__GIVEN DATA__.
*** Begin section ***

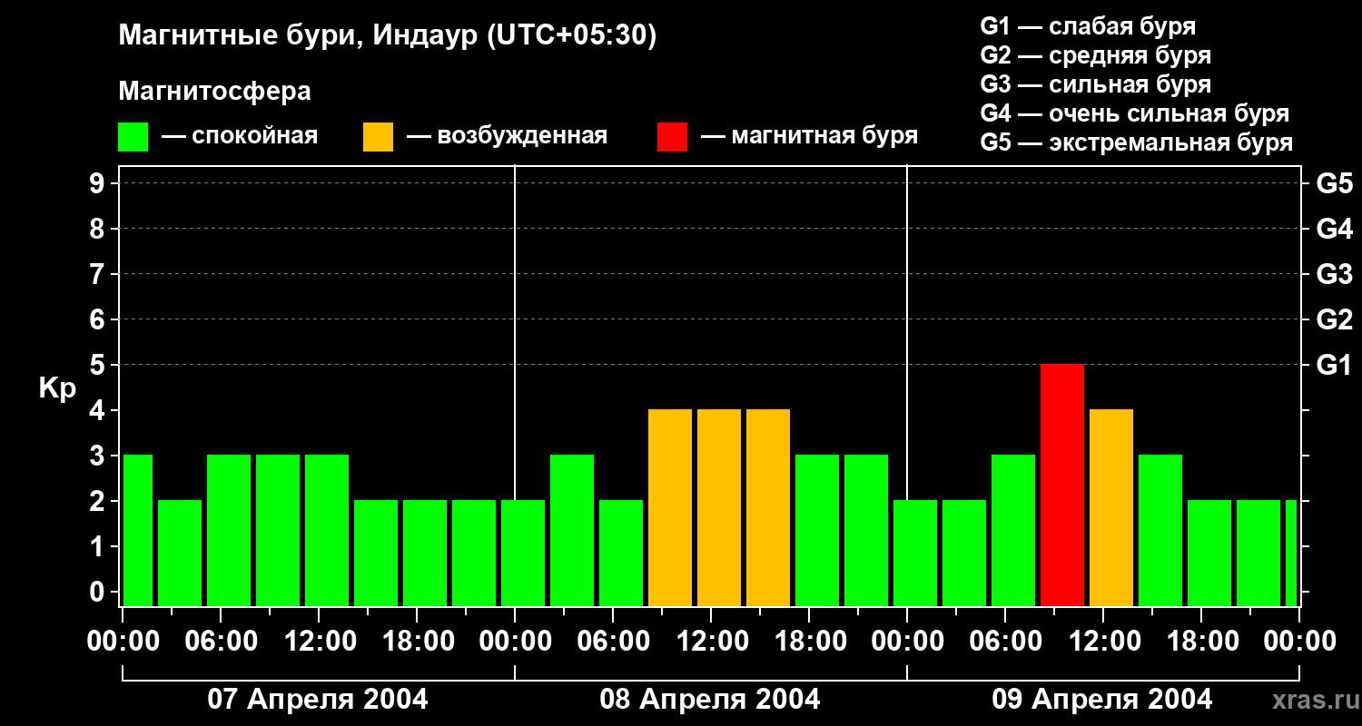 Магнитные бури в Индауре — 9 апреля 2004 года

*** End section ***
*** Begin section ***

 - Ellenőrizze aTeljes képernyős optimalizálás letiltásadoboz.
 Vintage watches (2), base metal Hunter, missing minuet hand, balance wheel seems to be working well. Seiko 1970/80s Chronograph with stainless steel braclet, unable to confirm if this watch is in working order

*** End section ***
*** Begin section ***

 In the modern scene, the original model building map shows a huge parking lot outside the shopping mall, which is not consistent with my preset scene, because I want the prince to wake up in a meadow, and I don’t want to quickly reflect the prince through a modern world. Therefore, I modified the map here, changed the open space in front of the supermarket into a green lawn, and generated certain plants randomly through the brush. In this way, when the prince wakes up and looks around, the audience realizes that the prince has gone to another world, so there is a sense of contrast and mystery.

*** End section ***

__TASK TO COMPLETE__.
Looking back over the data above, restate word for word the lines that begin at the line with "- Ellenőrizze aTeljes" and end at the line with "Vintage watches (2), base", inclusive.

__THE COMPLETED TASK__.
 - Ellenőrizze aTeljes képernyős optimalizálás letiltásadoboz.
 Vintage watches (2), base metal Hunter, missing minuet hand, balance wheel seems to be working well. Seiko 1970/80s Chronograph with stainless steel braclet, unable to confirm if this watch is in working order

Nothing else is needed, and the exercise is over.